▶ Task to carry out: Every line below from the one with "Youmacon 2007 cosplay" through the one with "With all that" should be retyped exactly, both ends included; no other lines and no pictures.

---------- Material for this task

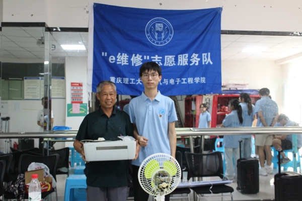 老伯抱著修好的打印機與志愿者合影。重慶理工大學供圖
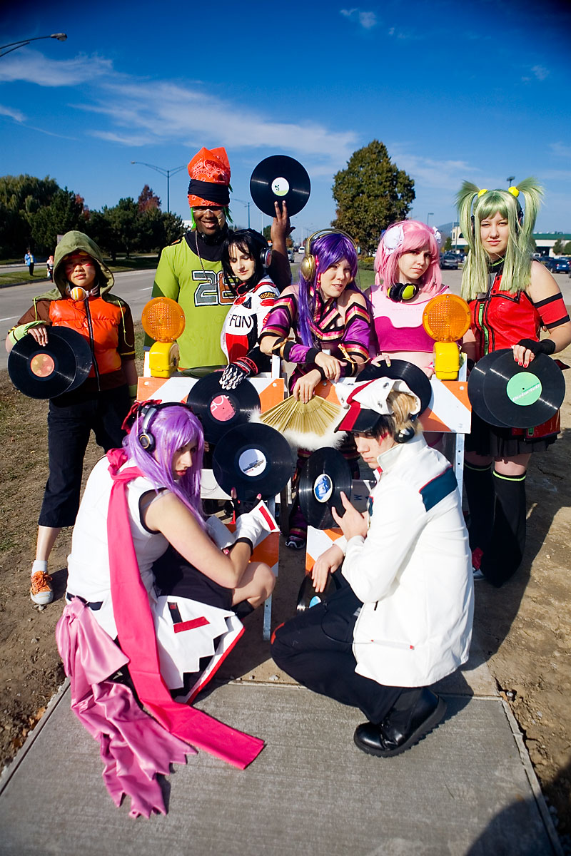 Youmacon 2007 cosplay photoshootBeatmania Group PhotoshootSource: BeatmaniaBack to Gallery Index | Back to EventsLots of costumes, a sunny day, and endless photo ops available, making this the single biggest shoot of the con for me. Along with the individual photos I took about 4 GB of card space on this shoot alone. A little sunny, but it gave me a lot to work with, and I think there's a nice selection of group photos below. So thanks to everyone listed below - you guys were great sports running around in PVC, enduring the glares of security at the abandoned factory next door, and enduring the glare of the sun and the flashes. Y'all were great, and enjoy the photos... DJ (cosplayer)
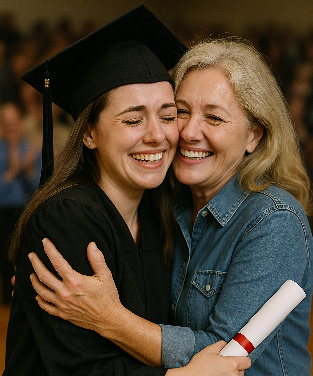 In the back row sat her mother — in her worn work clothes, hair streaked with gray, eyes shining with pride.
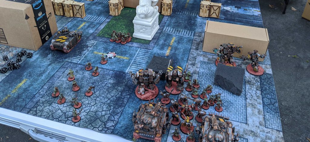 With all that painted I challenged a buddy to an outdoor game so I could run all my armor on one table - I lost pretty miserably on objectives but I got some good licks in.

--------------------
---------- Material for this task

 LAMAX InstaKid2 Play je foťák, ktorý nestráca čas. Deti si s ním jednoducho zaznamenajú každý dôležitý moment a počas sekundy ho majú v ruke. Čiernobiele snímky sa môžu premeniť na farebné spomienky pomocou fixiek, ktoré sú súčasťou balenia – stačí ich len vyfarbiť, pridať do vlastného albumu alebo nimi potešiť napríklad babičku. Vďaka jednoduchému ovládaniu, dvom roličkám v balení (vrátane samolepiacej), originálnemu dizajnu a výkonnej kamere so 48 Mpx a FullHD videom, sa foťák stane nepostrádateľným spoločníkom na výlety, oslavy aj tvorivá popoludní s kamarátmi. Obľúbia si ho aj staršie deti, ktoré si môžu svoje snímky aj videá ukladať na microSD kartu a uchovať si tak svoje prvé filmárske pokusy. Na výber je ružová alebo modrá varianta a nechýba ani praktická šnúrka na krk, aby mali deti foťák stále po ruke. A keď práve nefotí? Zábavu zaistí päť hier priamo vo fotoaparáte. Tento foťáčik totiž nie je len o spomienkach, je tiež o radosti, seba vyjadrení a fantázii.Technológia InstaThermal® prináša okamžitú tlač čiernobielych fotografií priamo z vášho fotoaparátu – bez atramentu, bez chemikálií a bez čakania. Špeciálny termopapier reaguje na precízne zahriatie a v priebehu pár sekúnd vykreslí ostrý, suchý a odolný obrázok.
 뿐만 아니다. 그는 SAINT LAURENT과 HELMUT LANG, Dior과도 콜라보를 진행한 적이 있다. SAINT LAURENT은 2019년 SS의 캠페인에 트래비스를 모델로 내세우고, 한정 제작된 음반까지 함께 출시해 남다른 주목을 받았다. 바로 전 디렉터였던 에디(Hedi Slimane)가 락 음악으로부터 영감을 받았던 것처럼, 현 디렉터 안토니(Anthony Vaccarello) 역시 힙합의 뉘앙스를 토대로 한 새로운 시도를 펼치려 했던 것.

--------------------
---------- Material for this task

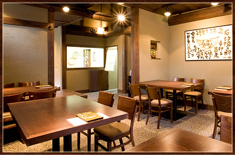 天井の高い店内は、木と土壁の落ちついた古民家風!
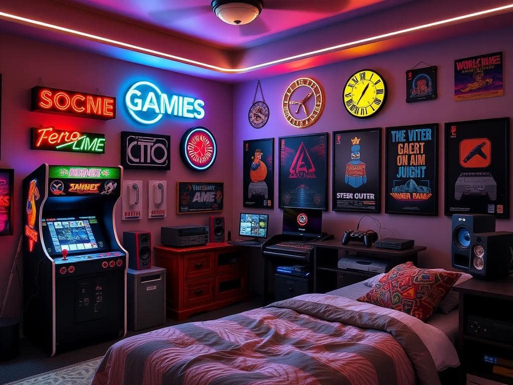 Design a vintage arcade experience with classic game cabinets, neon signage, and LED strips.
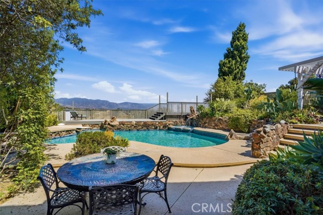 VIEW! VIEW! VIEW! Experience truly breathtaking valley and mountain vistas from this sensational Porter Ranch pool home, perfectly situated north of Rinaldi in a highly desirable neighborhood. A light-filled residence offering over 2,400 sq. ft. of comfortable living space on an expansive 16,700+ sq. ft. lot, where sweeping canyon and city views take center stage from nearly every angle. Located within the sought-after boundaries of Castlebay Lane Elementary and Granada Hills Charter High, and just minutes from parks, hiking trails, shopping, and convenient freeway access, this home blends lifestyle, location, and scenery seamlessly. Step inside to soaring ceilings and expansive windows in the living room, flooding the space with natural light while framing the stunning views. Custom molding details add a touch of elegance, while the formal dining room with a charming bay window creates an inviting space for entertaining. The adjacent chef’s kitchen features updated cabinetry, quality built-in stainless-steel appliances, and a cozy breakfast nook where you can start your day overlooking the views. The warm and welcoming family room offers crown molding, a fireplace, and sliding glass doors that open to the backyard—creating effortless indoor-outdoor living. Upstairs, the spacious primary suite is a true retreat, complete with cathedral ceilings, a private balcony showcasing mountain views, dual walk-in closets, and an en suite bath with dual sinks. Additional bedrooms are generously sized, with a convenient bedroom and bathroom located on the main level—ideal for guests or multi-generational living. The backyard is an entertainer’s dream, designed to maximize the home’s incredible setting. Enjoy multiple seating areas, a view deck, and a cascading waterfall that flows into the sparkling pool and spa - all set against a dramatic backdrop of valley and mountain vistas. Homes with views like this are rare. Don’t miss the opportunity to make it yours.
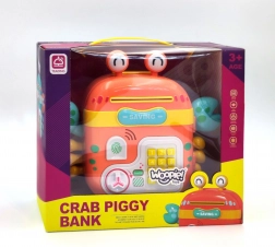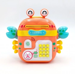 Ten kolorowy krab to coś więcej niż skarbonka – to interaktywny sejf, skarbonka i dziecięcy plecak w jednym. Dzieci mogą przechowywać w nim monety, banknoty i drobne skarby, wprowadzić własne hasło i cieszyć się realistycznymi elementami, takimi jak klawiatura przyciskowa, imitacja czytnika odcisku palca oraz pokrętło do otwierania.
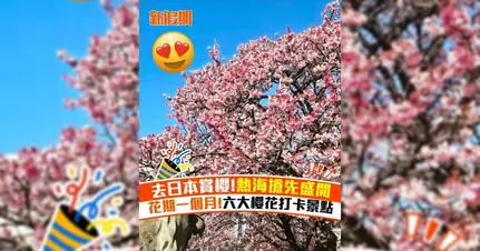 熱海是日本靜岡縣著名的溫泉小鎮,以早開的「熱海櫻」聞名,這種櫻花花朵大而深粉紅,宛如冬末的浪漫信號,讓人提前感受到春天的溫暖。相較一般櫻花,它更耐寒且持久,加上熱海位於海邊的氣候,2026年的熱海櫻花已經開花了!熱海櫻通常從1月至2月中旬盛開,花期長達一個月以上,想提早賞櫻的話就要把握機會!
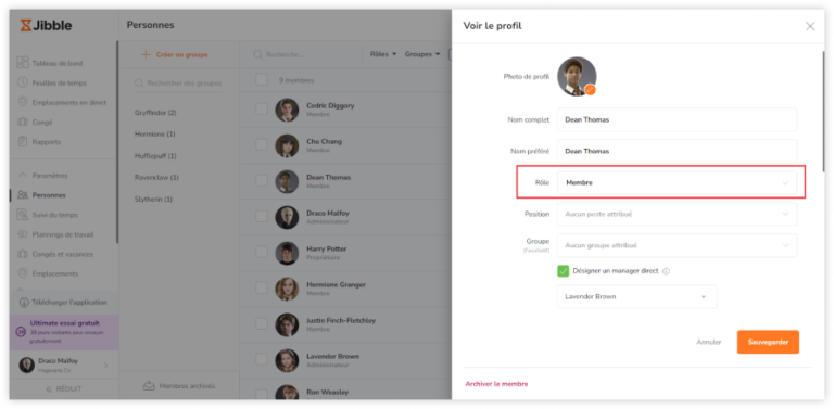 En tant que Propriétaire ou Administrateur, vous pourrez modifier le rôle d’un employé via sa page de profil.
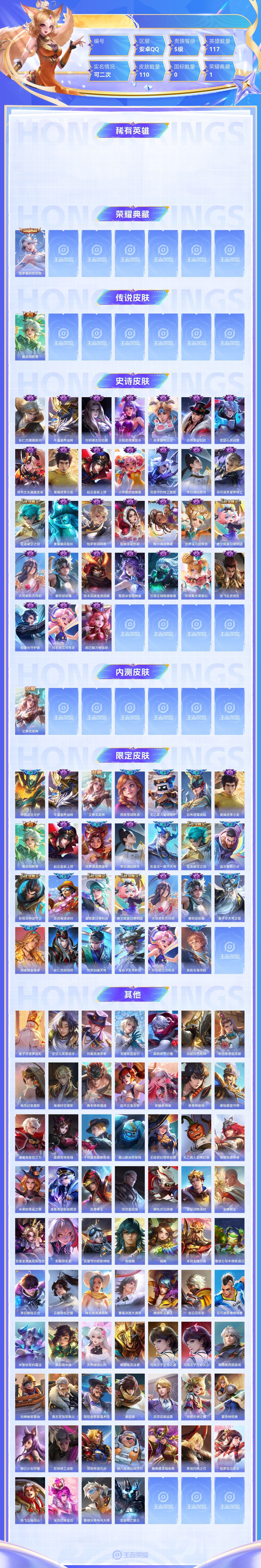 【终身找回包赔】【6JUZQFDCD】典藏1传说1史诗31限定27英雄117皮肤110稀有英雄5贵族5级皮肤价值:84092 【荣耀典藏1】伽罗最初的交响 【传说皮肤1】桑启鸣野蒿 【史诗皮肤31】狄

--------------------

▶ Response:
 Youmacon 2007 cosplay photoshootBeatmania Group PhotoshootSource: BeatmaniaBack to Gallery Index | Back to EventsLots of costumes, a sunny day, and endless photo ops available, making this the single biggest shoot of the con for me. Along with the individual photos I took about 4 GB of card space on this shoot alone. A little sunny, but it gave me a lot to work with, and I think there's a nice selection of group photos below. So thanks to everyone listed below - you guys were great sports running around in PVC, enduring the glares of security at the abandoned factory next door, and enduring the glare of the sun and the flashes. Y'all were great, and enjoy the photos... DJ (cosplayer)
 In the back row sat her mother — in her worn work clothes, hair streaked with gray, eyes shining with pride.
 With all that painted I challenged a buddy to an outdoor game so I could run all my armor on one table - I lost pretty miserably on objectives but I got some good licks in.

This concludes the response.